Increase in overcrowded homes found
Families are squeezing into homes they have outgrown but do not have the money to move out of, heralding a return to overcrowding in UK housing, according to a new study.
Finance firm LV= said that after decades of overcrowding declining across the country, the trend had now reversed, with the average family losing 11 sq ft of living space in the past three years.
One in eight children now live in overcrowded homes while a similar number of families had made potentially unsafe modifications to their houses to create more space, the report said.
A survey of more than 1,000 households found that one in 12 families could not move for financial reasons while a similar number carried out work to create extra space, such as converting lofts or partitioning rooms.

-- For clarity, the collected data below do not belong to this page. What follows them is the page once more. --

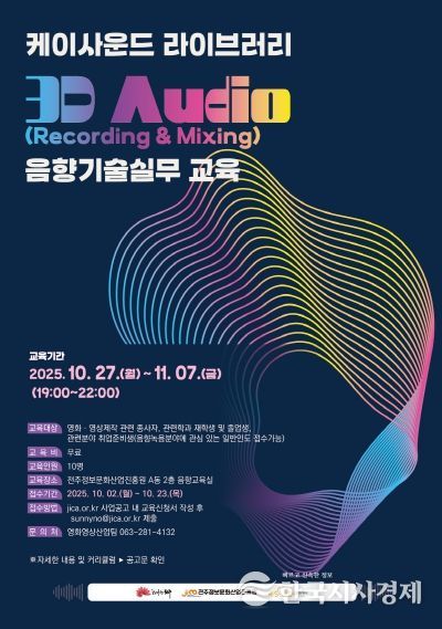 교육은 약 2주간 전주정보문화산업진흥원에서 진행되며, 영화·영상 제작 관계자와 음향 관련 재학생·졸업생, 관련 분야 취업준비생 등 누구나 신청할 수 있다.
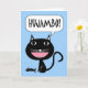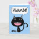 ¡Hujambo! Hola tarjeta de felicitación escrita en suajili. Ilustracion de un gato negro con un esqueleto de los pescados en sus pies. Coloreado en azul, negro, blanco, y rosa. El ilustracion tiene una mirada del dibujo animado y es un diseño estilizado. Esconda el interior para su mensaje personal. Estudios/2015 de Shoaff Ballanger del © de la imagen y del verso.
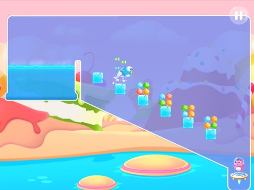 《小鱼飞飞》的糖果屋第二关看似简单,只是由六个冰块组成台阶,每个台阶都有4颗糖果。但仔细观察可以看出前面两块冰块是完整的,而接下来的冰块都处于脆裂状态,要通过冰块的反弹难度就越大。小鱼从上向下跳入即会达到目标点,该关卡也没有加速能量可供使用,想通过冲刺反弹的策略也较难实现。另外,本关总共有24颗糖果需要收集,但只需20颗糖果即可算过关。
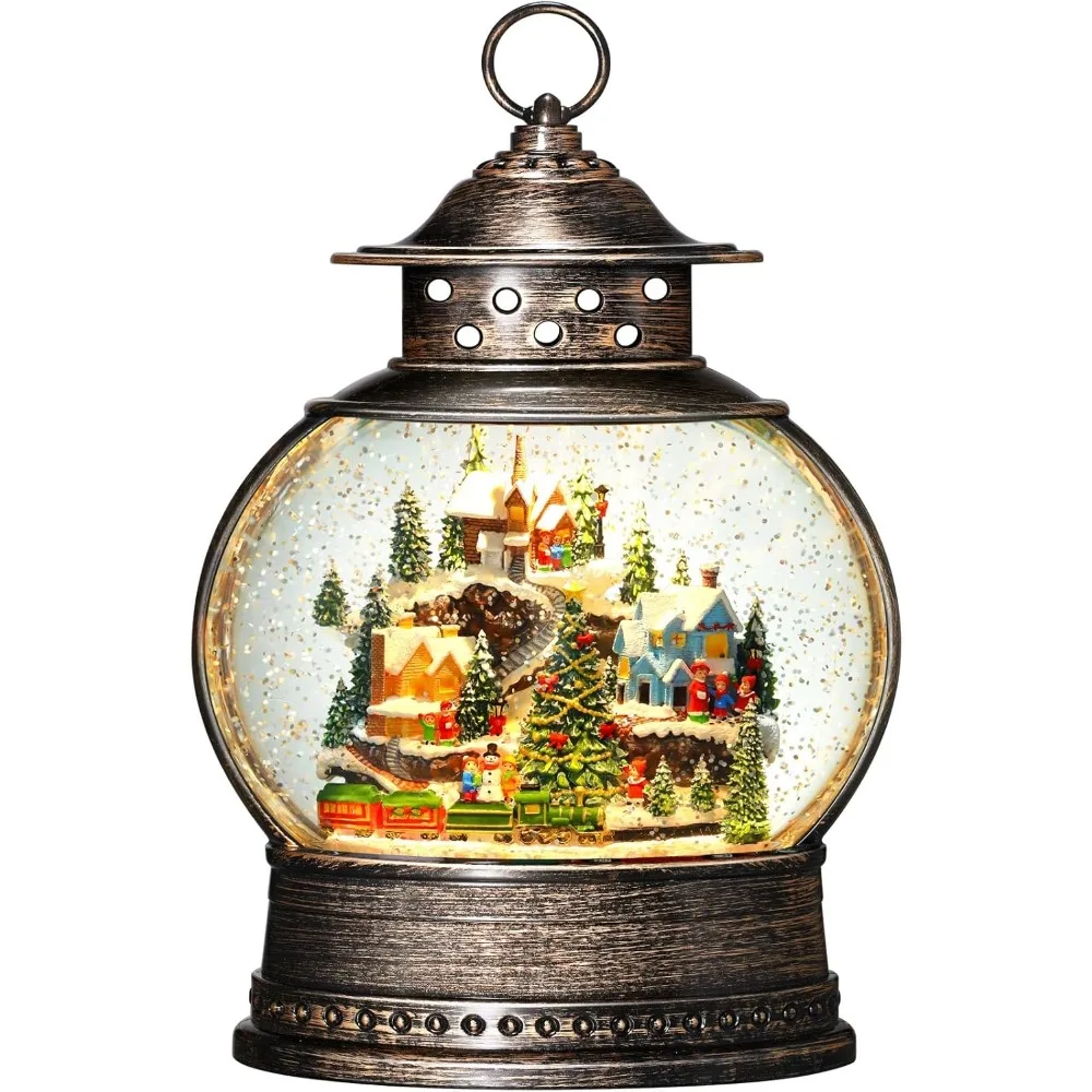 12-Inch Village Snow Globe Lantern with Lighted Christmas Decorations, Indoor Glitter, and Music Timer for Navidad
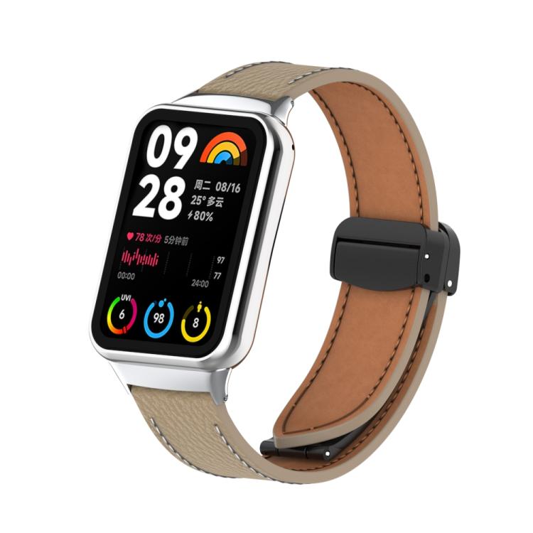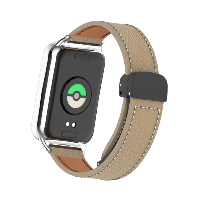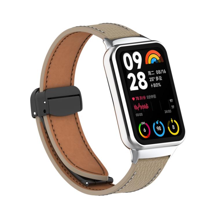 Correa de cuero con hebilla magnética negra y textura de lichi para Xiaomi Smart Band 9 Pro y Redmi Watch 5 (color café)
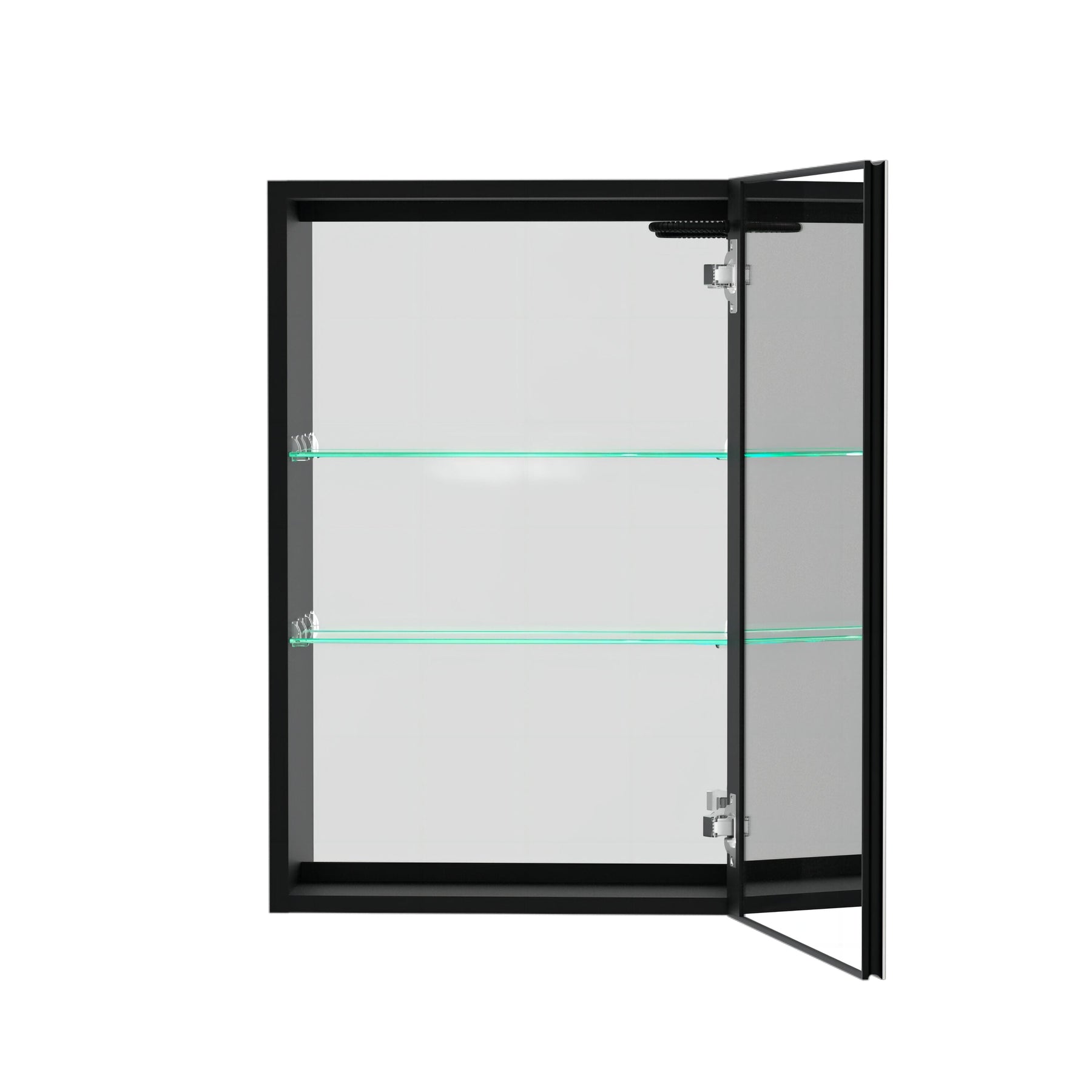 Experience the sublime marriage of form and function with this exquisite LED medicine cabinet. Its sleek black finish and fog-free mirror surface transform any bathroom into a serene retreat. With adjustable shelves and soft-close doors, this piece not only offers ample storage but also evokes a sense of modern sophistication. Elevate your morning rituals with this essential addition to your luxe lifestyle, providing both clarity and convenience to your day-to-day.
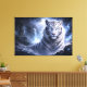 Moonlit White Tiger Guardian – Blue Fantasy Spirit Canvas Print
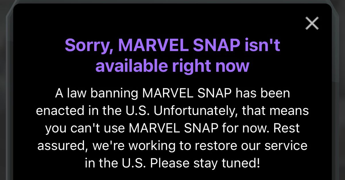 Thanos Snap! A U.S. law requiring Chinese company ByteDance to sell its stake in TikTok has come into effect — but the ban has also hit popular Superhero card battler Marvel Snap.

One in 50 people modifying their homes admitted contravening building regulations with alterations that could be unsafe.
The research also found that the number of people working from home has increased by a fifth since 2008, with makeshift workspaces being used in corridors, cupboards and under the stairs.
London families were said to be the worst affected, with around one in seven families living in overcrowded homes, twice the UK average.
John O'Roarke, managing director of LV= Home Insurance, said: "British families are feeling the squeeze as they are being forced to live in smaller homes than are suitable for their needs.
"High property prices have forced many families to remain in a house that they have outgrown and many are resorting to desperate measures to create extra space. The research found that hundreds of thousands of families are now living with makeshift modifications, which could be illegal and also unsafe.
"Building regulations are designed to ensure that home modifications are safe and we urge all those considering modifying their home to ensure any changes they are planning to make meet regulation standards."